The 1904 première of Madama Butterfly at La Scala was a catastrophic failure. According to one eyewitness, the Milanese audience greeted the performance with “grunts, roars, howls, laughter, bellowing, and guffaw.” Shocked by this unexpected show of disapproval, Giacomo Puccini and his librettists, Luigi Illica and Giuseppe Giacosa, immediately withdrew the opera from further performance. However, the team soon set out to revise the work, and the opera achieved an enthusiastic reception only three months later. After further revisions, which continued for the next couple of years, Madama Butterfly became one of the most popular operas of the twentieth century.

While anecdotes of atrocious opening nights of now popular operas are not uncommon, the troubled beginning of Madama Butterfly is puzzling. Many Puccini biographers have speculated that the fiasco was orchestrated by jealous rivals of the composer. Indeed, there were many reasons to be envious of Puccini, who by 1904 had emerged as the leading composer of opera in Italy after Verdi. At the time of Verdi’s death in 1901, the younger Italian opera composers, including Puccini’s most promising contemporaries Mascagni and Leoncavallo, had achieved few permanent successes outside of Italy. By contrast, all of Puccini’s recent works, including Manon Lescaut (1893), La bohème (1896), and Tosca (1900), had earned considerable international acclaim.

As in his earlier works, Puccini’s immediate inspiration for Madama Butterfly was a literary one. In 1900, the composer saw a performance of the American playwright David Belasco’s one-act play Madame Butterfly, based on a short story by a Philadelphia lawyer and amateur author, John Luther Long. Long wrote his work after having a conversation about life in Japan with his sister, who lived in Nagasaki with her missionary husband. He also modeled his short story on the novel Madame Chrysanthème, an autobiographical account by the French naval officer Pierre Loti about his “marriage” to a Japanese girl in Nagasaki. In adopting the short story, Belasco condensed Long’s narrative, eliminating the scenes from Cio-Cio-San and Pinkerton’s married life and focusing almost exclusively on the heroine’s longing for her husband’s return. He also altered the conclusion, closing the play with Butterfly’s tragic suicide rather than her enigmatic disappearance as in Long’s short story.

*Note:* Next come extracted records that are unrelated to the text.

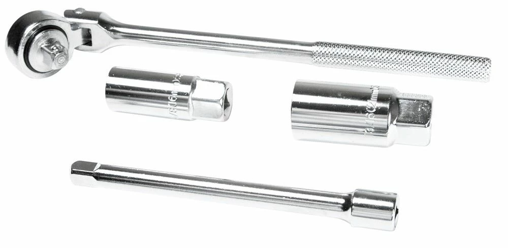 - Heat treated alloy steel. 3/8″ dr ratchet, 6″ extension, 5/8″ and 13/16″ spark plug sockets.
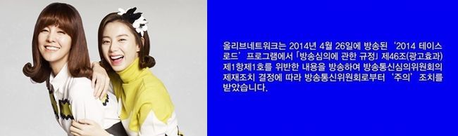 이날 정오 방송된 온스타일 '테이스티로드'도 방송에 앞서 '주의' 조치를 받은 사실을 공지했다. '테이스티로드'는 지난 4월 26일 방송된 내용이 「방송심의에 관한 규정」제46조(광고효과)제1항 제1호를 위반한 내용을 방송하여 '주의' 조치를 받았다.
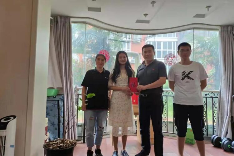 2021年9月4日,中沃门业创始人来到位于开封市徐金岗的家中,将1000元助学红包亲手交到徐金岗女儿徐梦瑶的手中,向她表示热烈祝贺,祝贺她熬过十年寒窗,以文化课476分的优异成绩被湖北大学播音与主持艺术专业金榜题名!
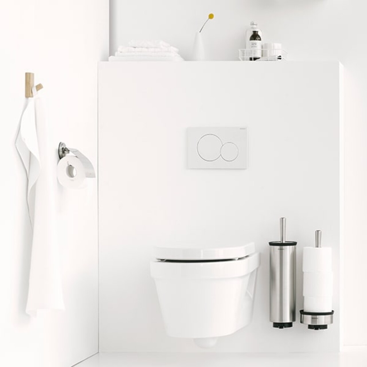Perie de toaleta cu suport, Brabantia, Profile Matt Steel, 12.5x11.5x43 cm, otel, argintiu
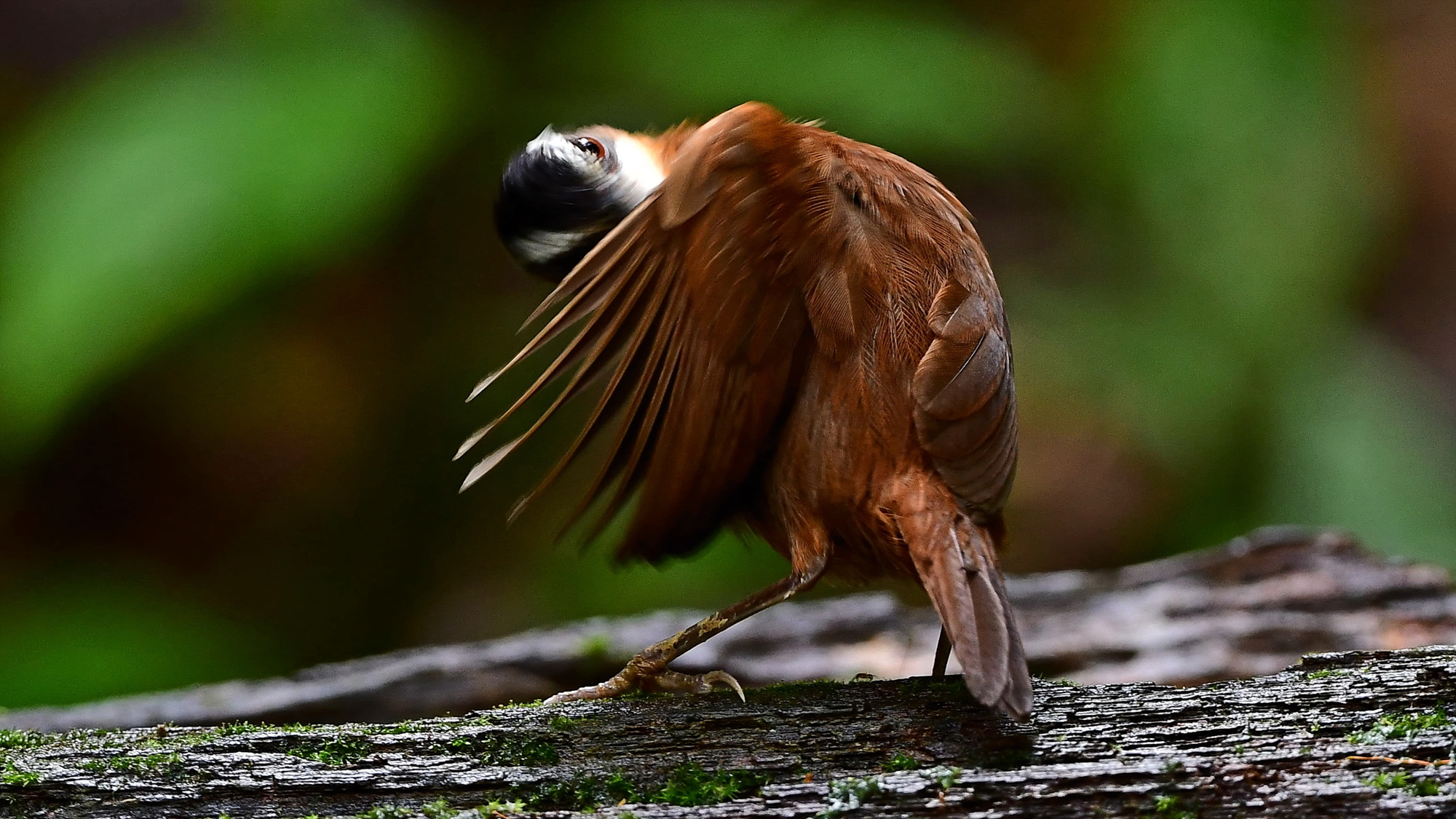 보르네오의 어느 숲, 이킹이 새의 노래를 들려주자 언덕 너머에서 기다렸다는 듯이 응답하던 새는 어느새 동굴 속 같이 어둡고 축축한 정글의 쓰러진 나무들을 지나 커다란 잎사귀 뒤로 다가왔다. 그 틈새를 통해 밝고 커다란 눈으로 그의 미소를 읽었다. Iking의 표정은 밝고 온화하다. 새는 노래하기와 먹기를 반복하다가 온몸이 노출되는 그루터기 위에서 자신을 바라보는 눈이 몇 개이며 카메라가 몇 대인지 빤히 알고 있지만 깃을 다듬기 시작한다. 완전한 무장해제를 알려오는 것이다. 머리를 깃에 파묻거나 날개로 눈을 가리기도 하면서 무아지경에 빠진다. 어두운 숲 속의 별 같고 꽃 같은 요정의 춤이다.
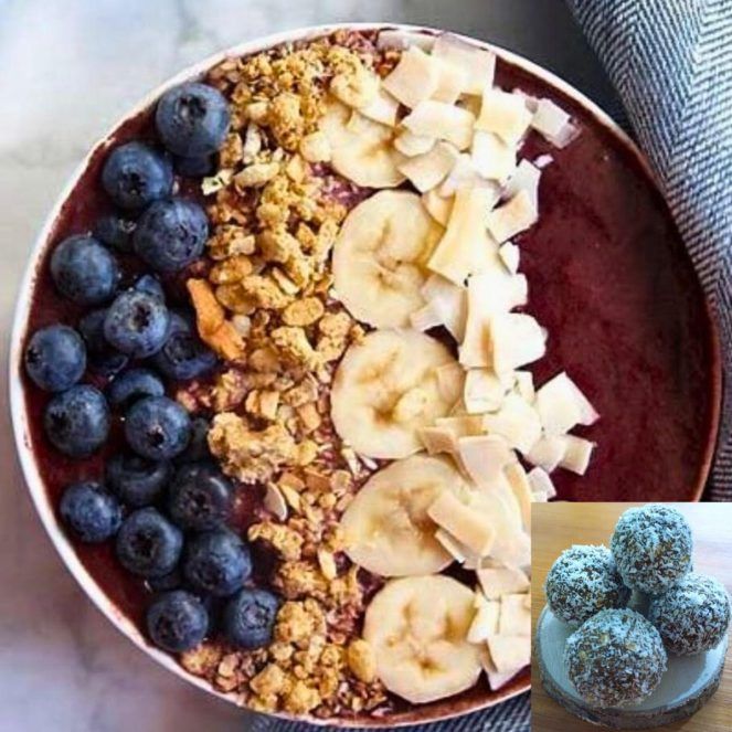 Bowl de acai con mango, fresas y arándanos, elige dos toppins entre: plátano, coco, avena, semillas y miel. Bolita energética artesanal con frutos secos, trocitos de fruta, avena, semillas, canela… A elegir entre terminación en coco o cacao.
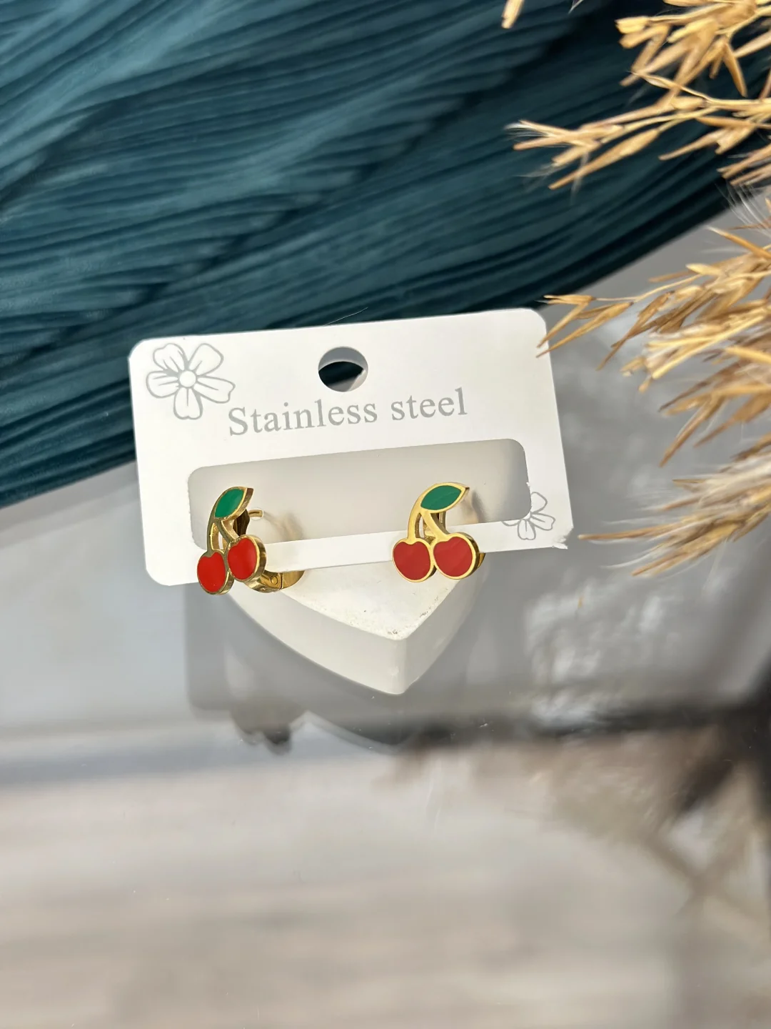 Pembe Kelebekli Çelik Çocuk Küpesi

Puccini soon realized that Belasco’s play was too short for a full evening’s entertainment and suggested that librettists integrate elements from Long’s short story and Loti’s novel. Accordingly, Illica and Giacosa based many of the details in the first half of the opera on Loti’s impressions of Japanese customs, which, to his European eyes, appeared quaint and exotic. In the second half, they remained faithful to Belasco’s play, preserving elements that the playwright stressed, such as Cio-Cio-San’s vigil and her sensational suicide. These scenes proved to be particularly suited for Puccini, becoming the basis of some of the opera’s most memorable moments: the humming chorus and the subsequent orchestral depiction of the sunrise in Act II and Butterfly’s heartrending farewell to her son at the conclusion. The libretto’s unsympathetic portrayal of Pinkerton is unusual for a romantic hero of an opera. This and Sharpless’s moralizing remarks, betray Long’s, and perhaps his sister’s, ambivalent attitude toward their countrymen’s participation in the sex trade that existed in Japan at that time.

Like the libretto which relies on sources that are based on Western observers’ actual experience in Japan, Puccini’s music for Madama Butterfly contains adaptations of authentic Japanese melodies which the composer gathered for the project. Many of the tunes Puccini quotes in the opera continue to be familiar to modern Japanese audiences. Some songs, such as “Sakura” and “Miyasan,” are probably recognizable for many non-Japanese listeners as well. Other tunes are largely forgotten but can be found in nineteenth-century musical sources. Puccini employs these melodies, not only to contribute to the local color of the opera, but also to convey dramatic situations and express different emotional states of the characters. In Act I, Goro’s announcement of Butterfly’s arrival, based on the traditional tune “Echigojishi,” abruptly interrupts Pinkerton’s toast to his future “American wife.” In order to create a jarring musical effect underscoring the fundamental incompatibility of Pinkerton’s desire and Cio-Cio-San’s expectation, Puccini chooses to set the tune with minimal harmonic support. Furthermore, the use of the Japanese song at this point contrasts with the quotation of “The Star Spangled Banner” in Pinkerton’s earlier aria. In the poignant letter scene in Act II, Sharpless asks Cio-Cio-San what she would do if Pinkerton does not return. Butterfly, plunged into a state of extreme despair, answers with an aria, “Che tua madre,” composed of three different Japanese melodies “Jizuki-Uta,” “Suiryō-Bushi,” and “Kappore Hōnen.” The dark, mournful tone of the aria contrasts sharply with Cio-Cio-San’s earlier optimism for Pinkerton’s return expressed in “Un bel dì,” which lacks obvious references to Japanese tunes. Throughout the opera, this fluctuation between the borrowings of Japanese melodies and Puccini’s normative style parallels Butterfly’s unstable emotional state, wavering between extreme euphoria and anguish.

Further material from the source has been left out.